Mark Mazzetti / The New York Times – 2007-04-21 23:38:14
WASHINGTON (April 17, 2007) — The Bush administration’s allies in Congress on Monday blocked a bill that would require the White House to disclose the locations of secret prisons run by the Central Intelligence Agency and to reveal the amount spent annually by American intelligence agencies.
The vote on the intelligence bill was a blow to Senate Democrats, newly in control of Congress, who had hoped that they would be able to extract more details from the White House about some of the most widely debated intelligence programs begun after the Sept. 11 attacks.
Opponents of the legislation, led by Senator Jim DeMint, a South Carolina Republican, won enough support on Monday to prevent the bill from going to the Senate floor for a final vote. But Congressional officials said that negotiations over the measure would continue Tuesday, and Democrats said they were still hopeful the bill could eventually pass.
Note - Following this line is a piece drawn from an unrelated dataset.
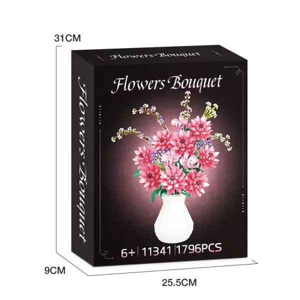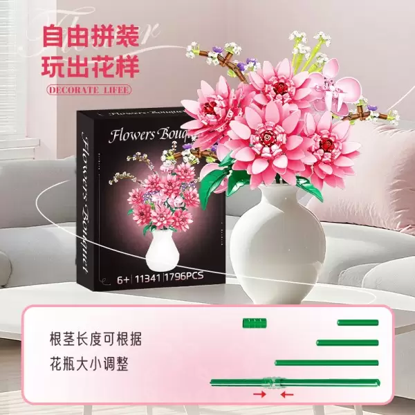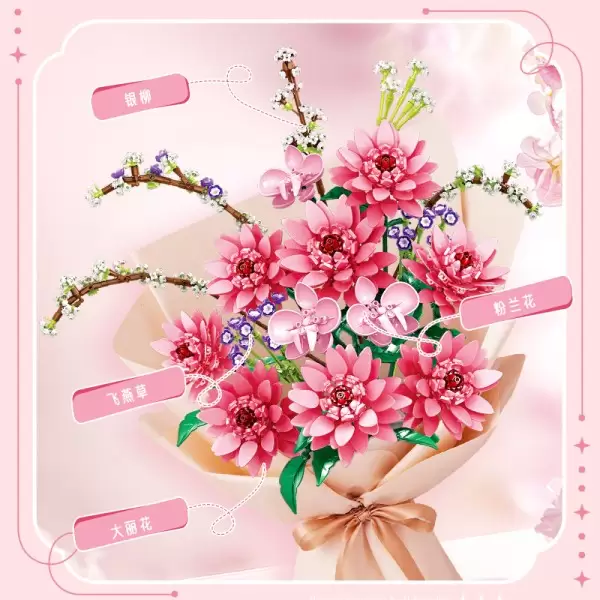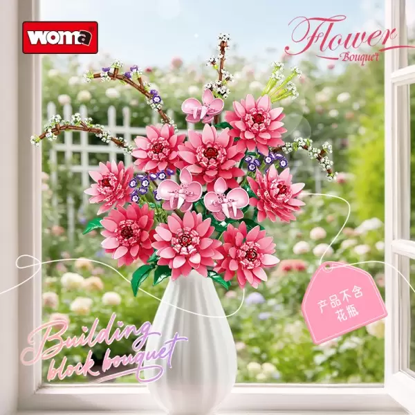 沃马积木11341永生花束情人节周年纪念送女生拼装插花玩具
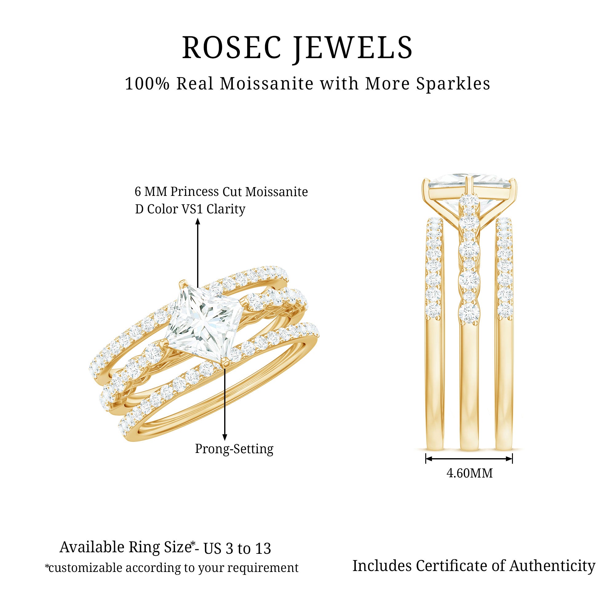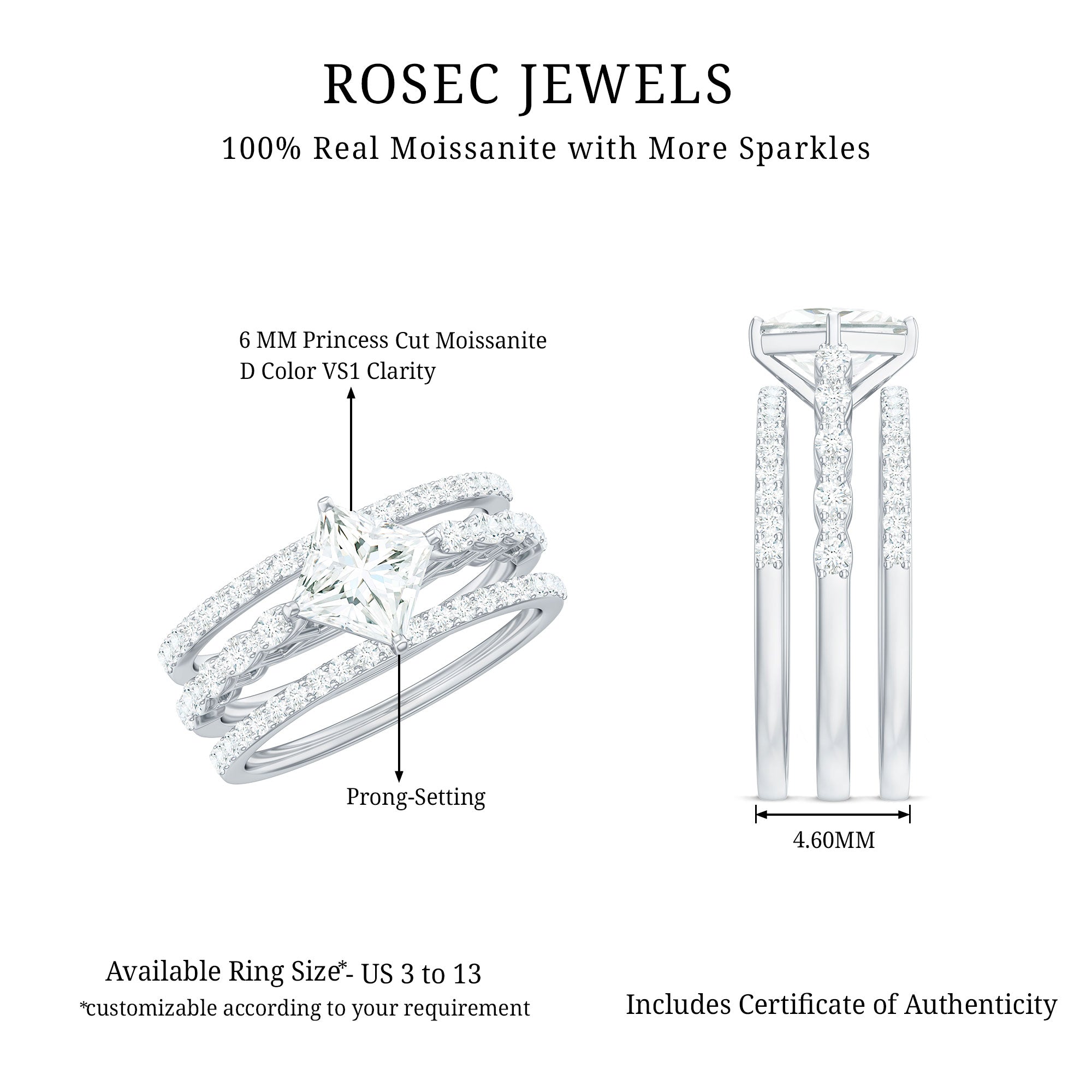 Princess Cut Moissanite 3 Piece Bridal Ring Set

Money for the 2007 intelligence budget was already appropriated last year through the defense spending bill, so defeat of the bill would not hold up money for the 16 agencies that make up the American intelligence network. The White House last week threatened to veto the intelligence bill because it contained several provisions it deemed objectionable, including a requirement that the Bush administration give Congress a detailed report about C.I.A. prison locations and interrogation methods used on high-level terrorism suspects.
Since 2002, the C.I.A. has detained and interrogated several top operatives of Al Qaeda, including Khalid Shaikh Mohammed, suspected of being the mastermind of the Sept. 11 attacks. Last year, President Bush announced that all C.I.A prisoners had been transferred to Guantánamo Bay, Cuba, and put in military custody, but that the C.I.A. prisons would remain in operation.
The White House has since declined to say whether the C.I.A. currently has any prisoners in custody.
The Senate bill also requires the White House to make public the annual budget of the American intelligence agencies. The intelligence budget, which has long been classified, is widely believed to be approximately $44 billion.
A White House statement issued last week said that publicly disclosing the figures would allow adversaries to track annual changes in the budget, which could compromise intelligence sources and methods.
Another of the bill’s provisions would require the White House to hand over any intelligence document to Congress within 30 days of its request, unless the President makes a specific claim of executive privilege.
The White House statement called the provision “highly objectionable,” and said it would “foster political gamesmanship and elevate routine disagreements to the level of constitutional crises.”
Democrats responded angrily to efforts to block the intelligence bill.
Harry Reid, of Nevada, the Senate majority leader, said that Republicans’ “actions don’t match their rhetoric” on national security issues, and that passage of the bill was necessary for American intelligence agencies to do their jobs effectively.